- Born: 10 March 1925 Čemparovica, Labin, Kingdom of Italy
- Died: 15 April 1945 (aged 20) Surroundings of Lokve, Gorski Kotar, DF Yugoslavia
- Awards: Order of the People's Hero Order of Bravery

= Mate Blažina =

Mate Blažina (10 March 1925 – 15 April 1945) was a Croatian antifascist, military commander and Yugoslav National Hero. After the capitulation of Italy, he joined the partisan movement. He contributed to the liberation of Istria and Gorski Kotar, and for his bravery and actions was honored with the Order of the People's Hero and the Order of Bravery. Blažina died in action in Gorski Kotar, aged 20.

==Biography==
Blažina was born on 10 March 1925 in the small village of Čemparovica in the hinterland of Labin, Istria.

Blažina joined the partisan movement after the capitulation of Italy.

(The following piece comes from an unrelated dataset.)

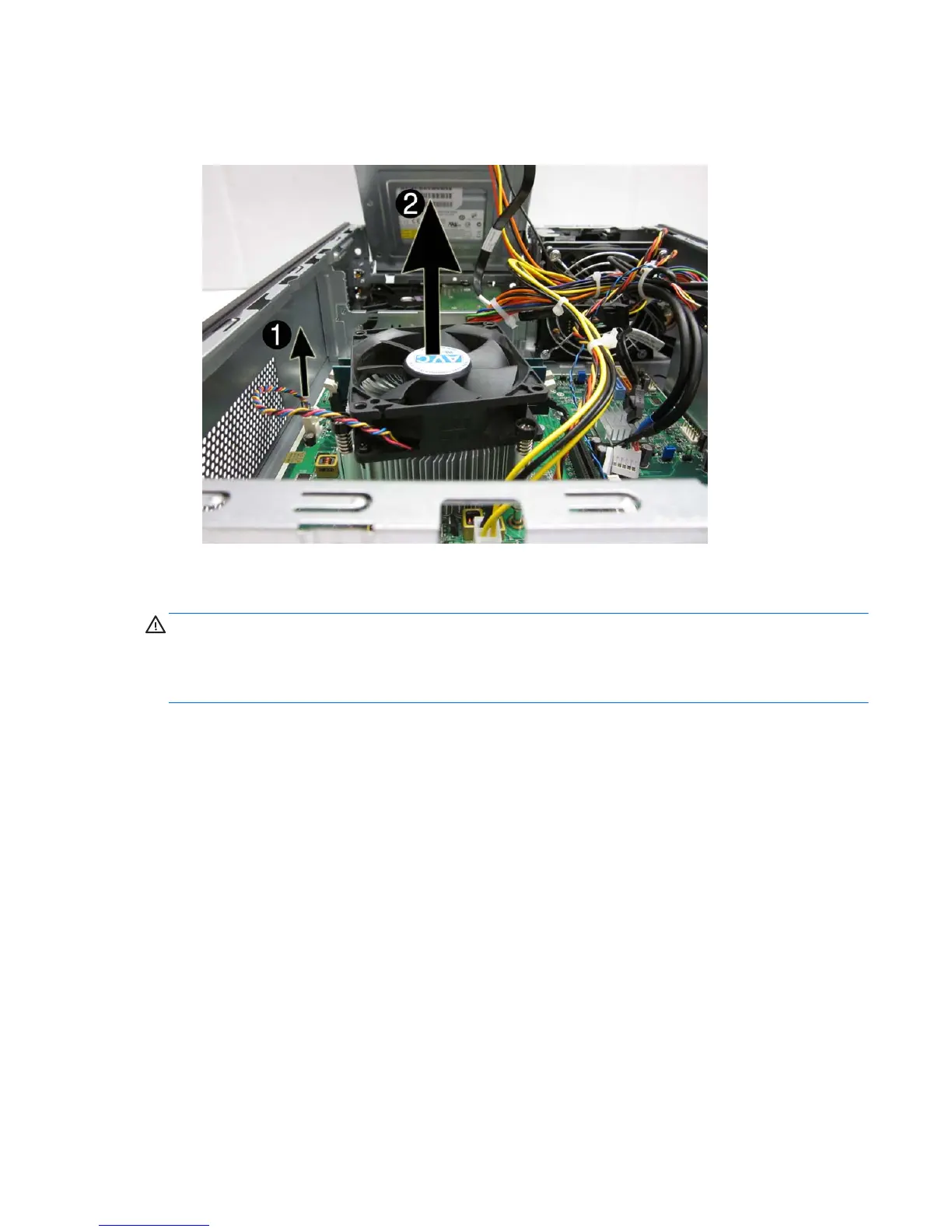 5. Disconnect the cable from the system board (1), lift the fan sink from atop the processor (2) and

He took part in sabotage operations in the area around Labin, including the demolition of telephone lines from Labin to Nedešćina, the digging of roads, the demolition of bridges near Raša, Barban and Potpićan, the bombing of the Vlaška thermal power plant, and the removal of explosives from gunpowder in Ripenda.

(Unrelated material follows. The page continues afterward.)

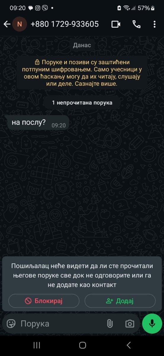 - Lako prepoznam SMS prevare, ali ovoga puta nisam obratila pažnju na broj, pošto je poruka stigla na aplikaciji "Whats App" i to normalno, na ćirilici. Srećom, uočila sam pozivni broj iz inostranstva i izbegla dalje neprijatnosti - priča nam ona.

He entered the 1st Company of the 1st Battalion in Čepić (part of the Učka detachment, founded in April 1944) as a machine gunner. In July the detachment moved to Bujština by order of the Operational Headquarters for Istria.

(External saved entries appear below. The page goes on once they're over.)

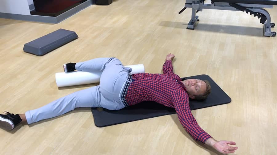 Ensure head and neck are in line with the spine. Flex your knee and rest your leg on the foam roller so that your leg forms at least a 90 degree angle can be raised a little higher than 90 degrees. Stretching the muscle spindles in the pelvic muscles lengthens them for a short time.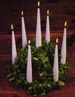 Later, the candle wheel was worn as a chaplet on the head. Edain McCoy in _Sabbats: A New Approach to Living the Old Ways_ says this idea originated with Norse Yule customs. In Sweden today, this custom remains intact. There the crown is usually made of woven wortleberry twigs or evergreen boughs, and is used in the celebration of St. Lucia's Day (December 13). Lucia, by the way, is probably a later incarnation of Lucina, Roman Goddess of Light.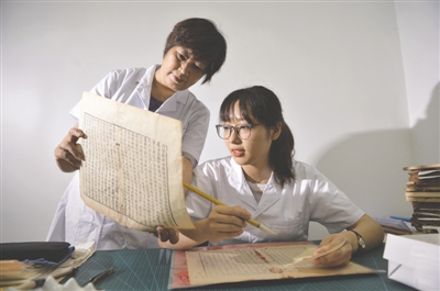 纸质文物修复师宋鑫(右)和欧萍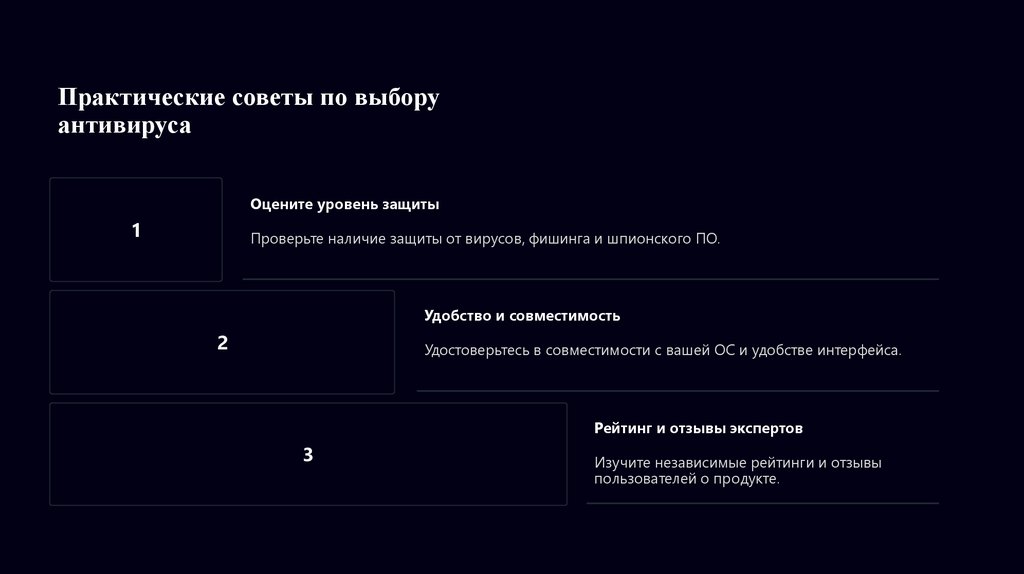 Проверьте наличие защиты от вирусов, фишинга и шпионского ПО.

On 6 August 1944 Blažina, who could speak German, and three comrades dressed as Nazi soldiers, and disarmed by trick the crew of the carabinieri in Kanegra near Savudrija, where they found rifles, machine guns, pistols and ammunition. At the end of August, the 1st Battalion of the Detachment moved to Čabar. There, on 29 August 1941, they founded the 3rd brigade and 43rd Division. Blažina fought with the brigade in Gorski kotar and the hinterland of Rijeka until April 1945. He was decorated for bravery.

Blažina was killed in action in Gorski Kotar, with the rank of sergeant. He was proclaimed a national hero in 1953.